Deane Barker has a knack for getting at the heart of interesting problems. Here, in the space of a single tweet, he gets at the fundamental nature of content and taxonomy.
So, I used this an example earlier, but let me just ask this directly: should categories or taxonomy nodes be full-blown content objects, just like the content they organize? Should a category assignment just be a link between two content objects then?
— Deane Barker (@deane_barker) July 2, 2019
At bottom, this is a CMS question: How do you decide whether a particular set of things counts as a set of categories (a taxonomy) or as a distinct content type? It’s a question that vexes content strategists regularly.
Here’s where we get to the conflation part.
Content is like a work of art. (Yes, I know this analogy may make authors even more precious about what they do. But bear with me.) A piece of content is like a painting—it’s a single, discrete thing that makes a particular point.
Taxonomy, on the other hand, is a work of curation.
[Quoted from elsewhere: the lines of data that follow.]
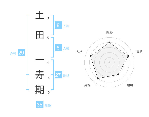 土田 一寿期さんを姓名の画数から五運を鑑定
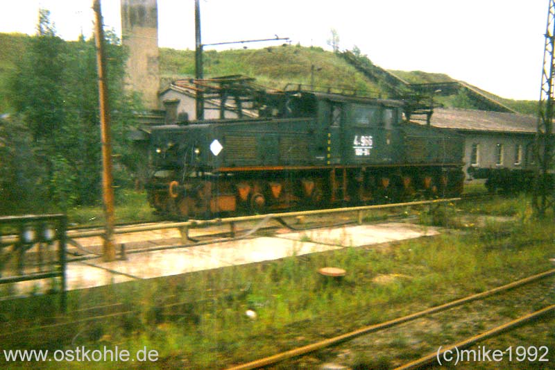 EL2 4-966 - hat mit Lok 4-968 den Reichsbahnanschluß bedient. Dazu gab es ein Dreischienengleis von Großzössen bis zur Kohleverladung am Stellwerk 9.
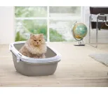 This open litter box is also economical and durable. The sieve ensures that the waste and the litter are easily separated from the clean litter. And the extra clips firmly secure the two trays and the sieve to the top part, ensuring that they don’t come apart while being carried. The design and the fresh colours give it a good look.
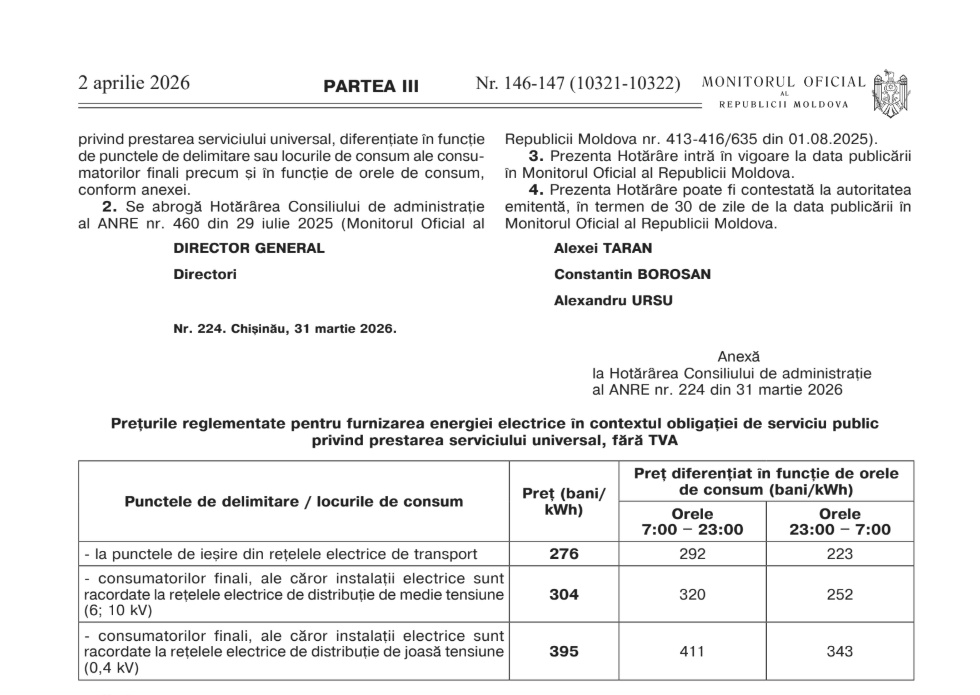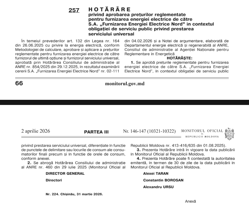 Astfel, consumatorii din nordul țării, deserviți de S.A. „Furnizarea Energiei Electrice Nord”, vor achita un preț de 3 lei și 95 de bani per kWh, cu cinci bani mai puțin decât în prezent.

It’s the connective tissue that binds particular pieces of work into specific exhibits. Sometimes those taxonomies can be quite general (e.g., a gallery map that shows that French impressionists are in rooms 345–349 on the 6th floor). Other times, the taxonomy can be very specific (e.g., a sign explaining that the sketch you are seeing is the 4th draft of Hopper’s sketch for Nighthawks).
That work is likely to take on several different forms. Some of it will be editorial, building bespoke mixes by hand. Some of it will be via API design, writing rules or creating taxonomies for combining modules into longer collections. In the coming years, some of it may be designing the machines that go on to learn user preferences.